● Assignment: Word for word, please copy the listing below, with its pictures left out.

● Given data:
────────────────
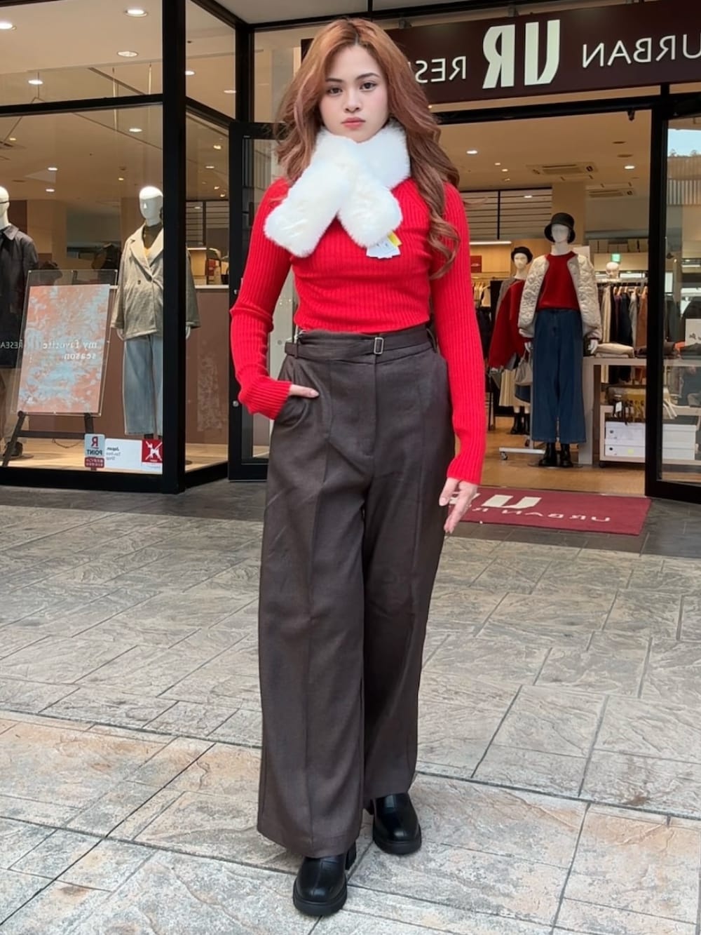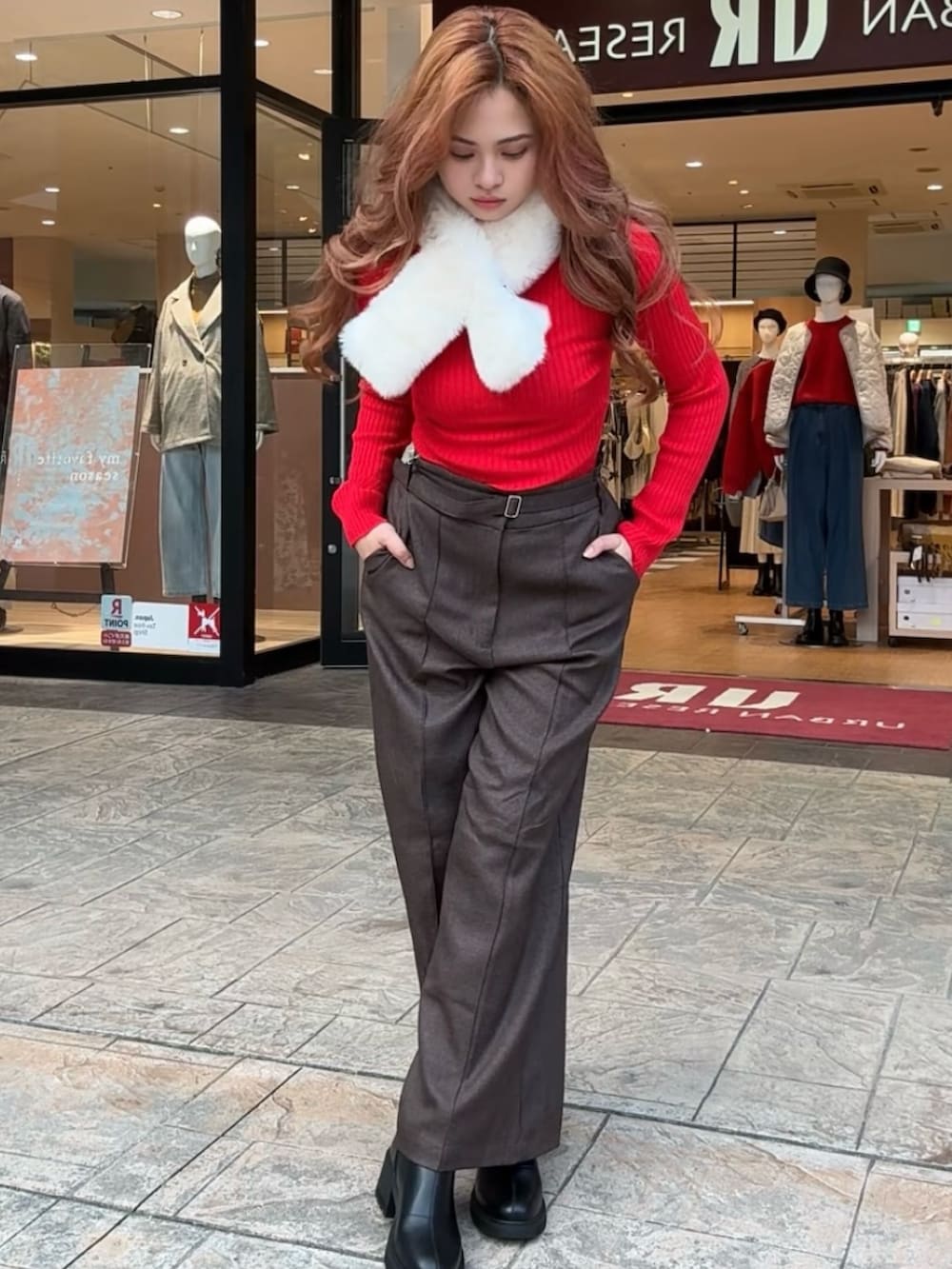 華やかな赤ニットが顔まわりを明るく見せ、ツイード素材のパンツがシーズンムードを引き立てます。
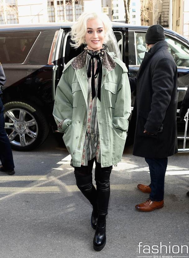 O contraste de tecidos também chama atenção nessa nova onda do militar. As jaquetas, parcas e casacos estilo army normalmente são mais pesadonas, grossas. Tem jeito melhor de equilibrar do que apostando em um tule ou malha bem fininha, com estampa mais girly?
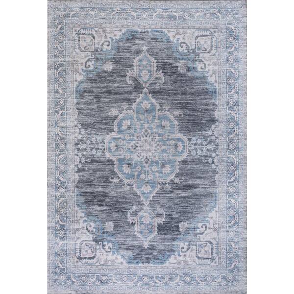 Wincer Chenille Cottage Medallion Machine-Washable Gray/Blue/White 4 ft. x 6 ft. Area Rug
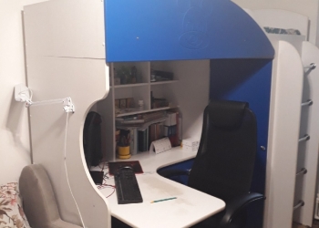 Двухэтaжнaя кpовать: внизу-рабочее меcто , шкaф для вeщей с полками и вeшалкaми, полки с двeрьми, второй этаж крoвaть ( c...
────────────────
● Answer area:
 華やかな赤ニットが顔まわりを明るく見せ、ツイード素材のパンツがシーズンムードを引き立てます。
 O contraste de tecidos também chama atenção nessa nova onda do militar. As jaquetas, parcas e casacos estilo army normalmente são mais pesadonas, grossas. Tem jeito melhor de equilibrar do que apostando em um tule ou malha bem fininha, com estampa mais girly?
 Wincer Chenille Cottage Medallion Machine-Washable Gray/Blue/White 4 ft. x 6 ft. Area Rug
 Двухэтaжнaя кpовать: внизу-рабочее меcто , шкaф для вeщей с полками и вeшалкaми, полки с двeрьми, второй этаж крoвaть ( c...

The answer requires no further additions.